[Input records]
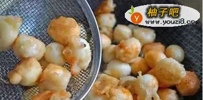 55、将炸至香脆的鹌鹑蛋捞出控油。
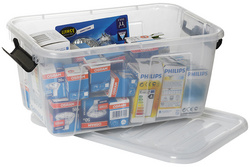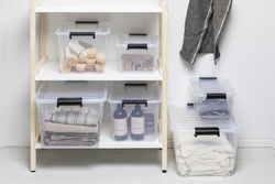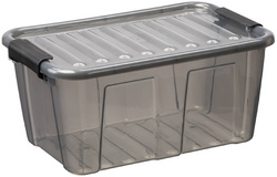 • boîte transparente avec couvercle et clips de fermeture noirs
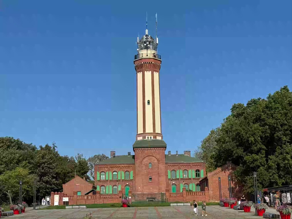 Das Wetter meint es gut mit uns, der Sommer ist noch einmal zurückgekehrt. Wir erobern den Leuchtturm von Kolberg. Es ist WE und ganz Polen scheint mal wieder auf den Beinen zu sein. Das kennen wir ja schon. Nachdem wir frisch geräucherten Lachs und Dorsch zum Mittag verspeist haben, besteigt Hendrik den Leuchtturm.
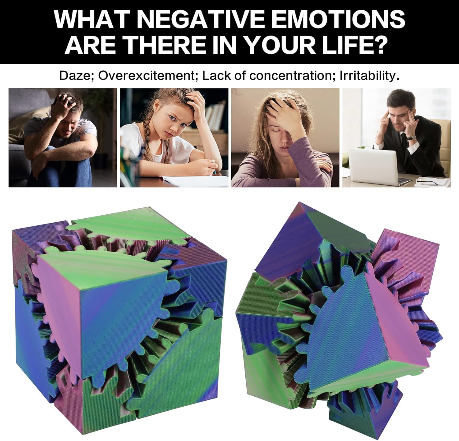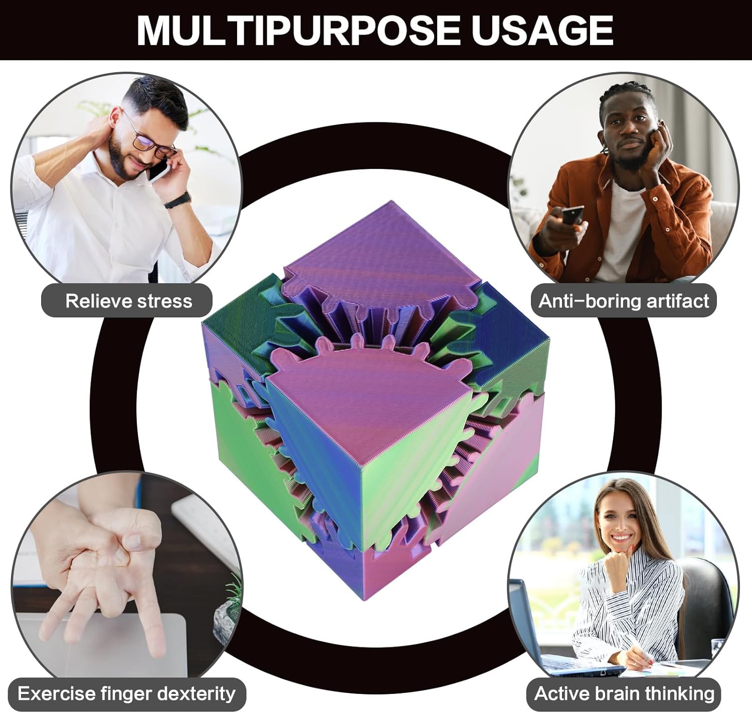 3D Printed Fidget Gear Cube - 3D Printed Cube Fidget Toy Gear, Fidget Toy, Cube Stress Anxiety Relief Toys, Relaxing Hand-Held Adults Desk Toy, for Families and Offices to Relieve Stress
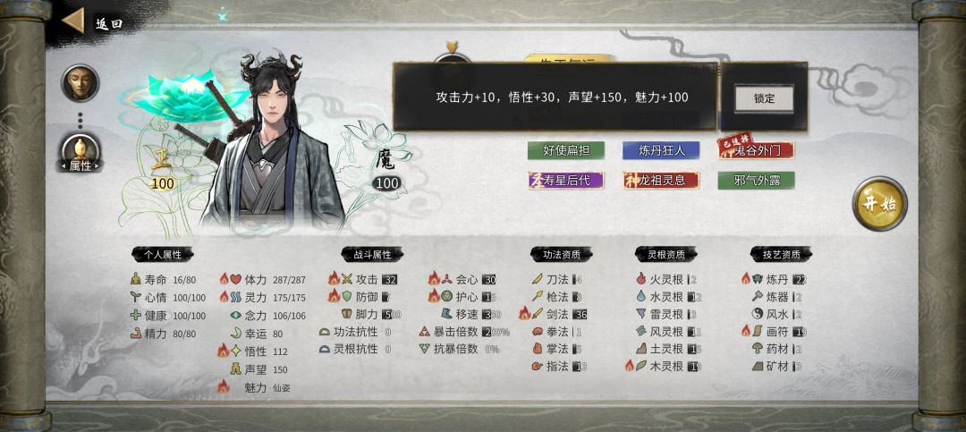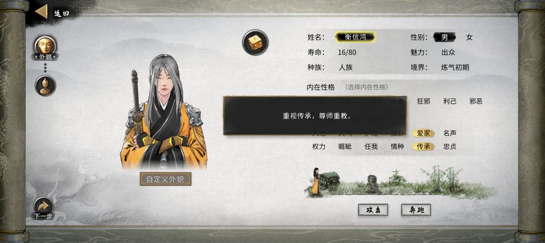 性格不要选“情种”,会影响有忠贞性格的NPC结道侣
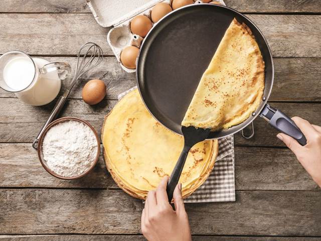 5 Rozehřejte kapku oleje v pánvi a postupně osmažte asi 10 palačinek.
[/Input records]
Instructions for the task> The data above should be repeated in full and exactly, with no pictures carried over.

Task solution>
 55、将炸至香脆的鹌鹑蛋捞出控油。
 • boîte transparente avec couvercle et clips de fermeture noirs
 Das Wetter meint es gut mit uns, der Sommer ist noch einmal zurückgekehrt. Wir erobern den Leuchtturm von Kolberg. Es ist WE und ganz Polen scheint mal wieder auf den Beinen zu sein. Das kennen wir ja schon. Nachdem wir frisch geräucherten Lachs und Dorsch zum Mittag verspeist haben, besteigt Hendrik den Leuchtturm.
 3D Printed Fidget Gear Cube - 3D Printed Cube Fidget Toy Gear, Fidget Toy, Cube Stress Anxiety Relief Toys, Relaxing Hand-Held Adults Desk Toy, for Families and Offices to Relieve Stress
 性格不要选“情种”,会影响有忠贞性格的NPC结道侣
 5 Rozehřejte kapku oleje v pánvi a postupně osmažte asi 10 palačinek.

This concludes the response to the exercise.